HOW TO COMPLETE THIS TASK: Somewhere below, one line contains "Drawing of lab" and a later line contains "Remains of earlier". Output those two lines and everything between them exactly, and nothing else.

EXERCISE DATA:
-------------------------
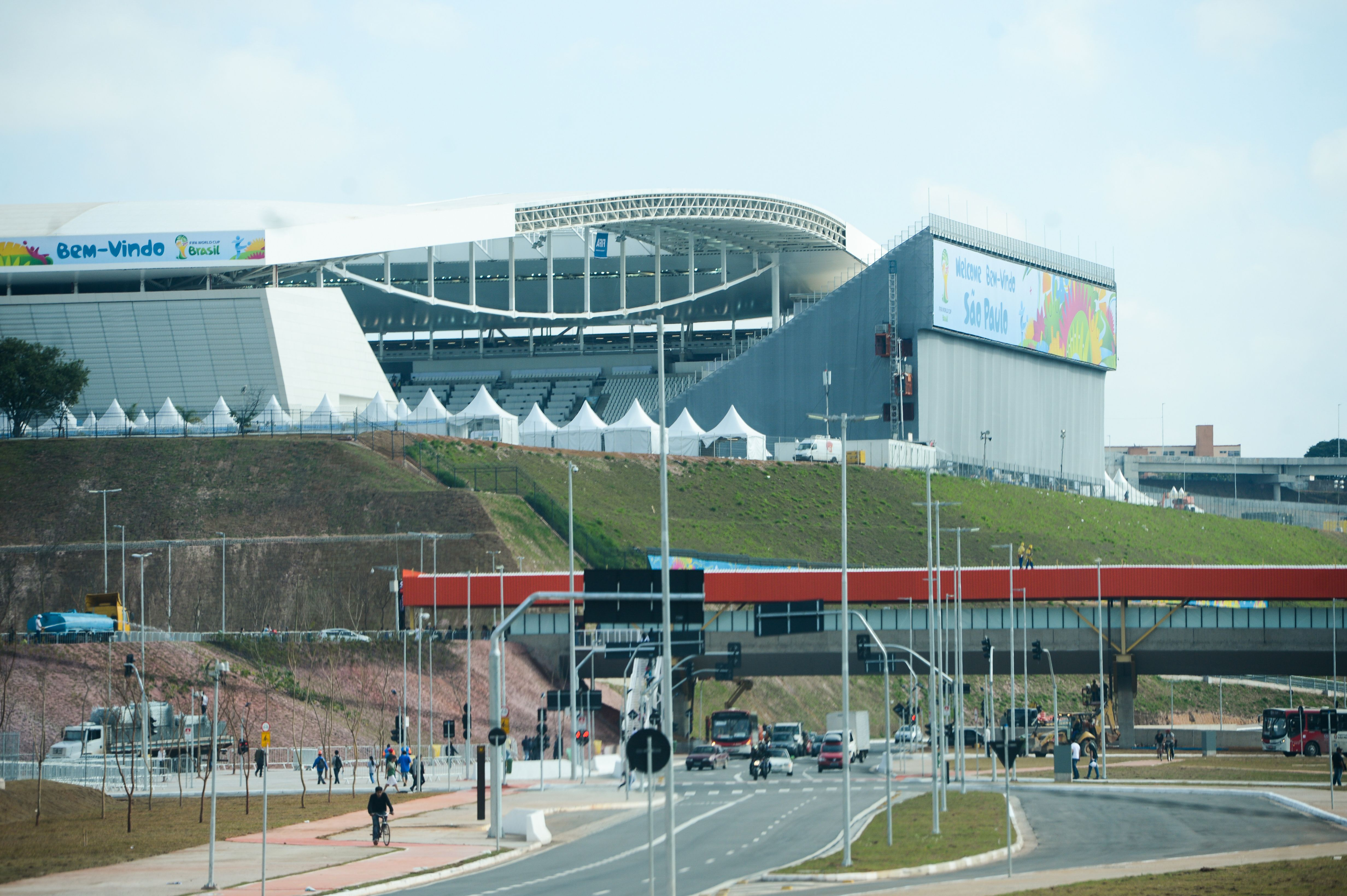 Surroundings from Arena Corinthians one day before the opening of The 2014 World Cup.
-------------------------
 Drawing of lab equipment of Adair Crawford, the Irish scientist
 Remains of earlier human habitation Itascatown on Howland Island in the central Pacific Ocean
-------------------------
OUTPUT FOR THIS EXERCISE:
 Drawing of lab equipment of Adair Crawford, the Irish scientist
 Remains of earlier human habitation Itascatown on Howland Island in the central Pacific Ocean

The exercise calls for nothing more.